“Graphene is a two-dimensional atomic crystal made up of carbon atoms arranged in a hexagonal lattice. At one atom thick, graphene is the thinnest known compound, as well as the strongest compound discovered (between 100 and 300 times stronger than steel), the lightest known material (with one square metre weighing approximately 0.77 milligrams), and extremely flexible.
Furthermore, graphene is impermeable to molecules and is highly electrically and thermally conductive – enabling electrons to flow much faster than silicon. It is also a transparent conductor, combining electrical and optical functionalities in an exceptional way. Graphene has a wide variety of potential applications, ranging from electronics to composite materials and is relatively cheap to produce in comparison with other materials.
A material for the future
This CORDIS Results Pack showcases 12 articles on 6 ambitious cutting-edge EU research projects funded under the EU’s FP7 and Horizon 2020 research programmes relevant to graphene and 2D materials. Of these, seven articles cover different aspects of the Graphene Flagship.

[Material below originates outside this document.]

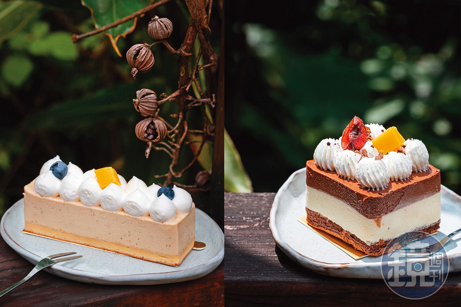 以加里山冠軍烏龍茶,搭配季節水果製作的「加里山烏龍茶」(左),是店內最受歡迎的甜點(120元/份);「馬告雙色巧克力」(右)將馬告的檸檬香茅氣息與巧克力巧妙融合。(140 元/份)發布時間:2022.02.27 07:57 臺北時間

The Graphene Flagship is the EU’s biggest research initiative and has a budget of EUR 1 billion, representing a new form of joint, coordinated research initiative on an unprecedented scale. Through a combined academic-industrial consortium, the research effort covers the entire value chain, from materials production to components and system integration, aiming to exploit the unique properties of graphene.
An introduction to graphene outlines work conducted by the Flagship, including collaboration with the European Space Agency over the use of graphene in space applications, such as light propulsion and thermal management. Researchers also used optoelectronic communication systems to provide fast data for the future. The large-scale production of graphene for commercial market applications involved scaling up manufacturing to industrial scale, whilst maintaining consistency, high quality and cost efficiency.
Scientists investigated chemical processing and functional applications of graphene and graphene-related materials for engineering new molecular structures with unique properties. Graphene spintronics utilised both electron charge and spin at room temperature to create new possibilities for information processing and storage. Finally, the Flagship has investigated the use of graphene for biomedical applications to develop innovative medical devices and sensors for detecting, treating and managing nervous system diseases.
European graphene research doesn’t all fall under the remit of the Flagship and researchers are using other EU funding mechanisms to undertake other projects. GRAPHEALTH produced the next generation of wearable sensors, while GRASP applied interactions between graphene and light to quantum computing and biomedicine. GraTA developed tunneling accelerometers for use in machine vibration monitoring. HIGRAPHEN created dense polymer composites for use in optoelectronics and energy storage. PolyGraph (working closely with the Graphene Flagship) studied graphene-reinforced polymers for use in the aeronautics and automobiles sectors.”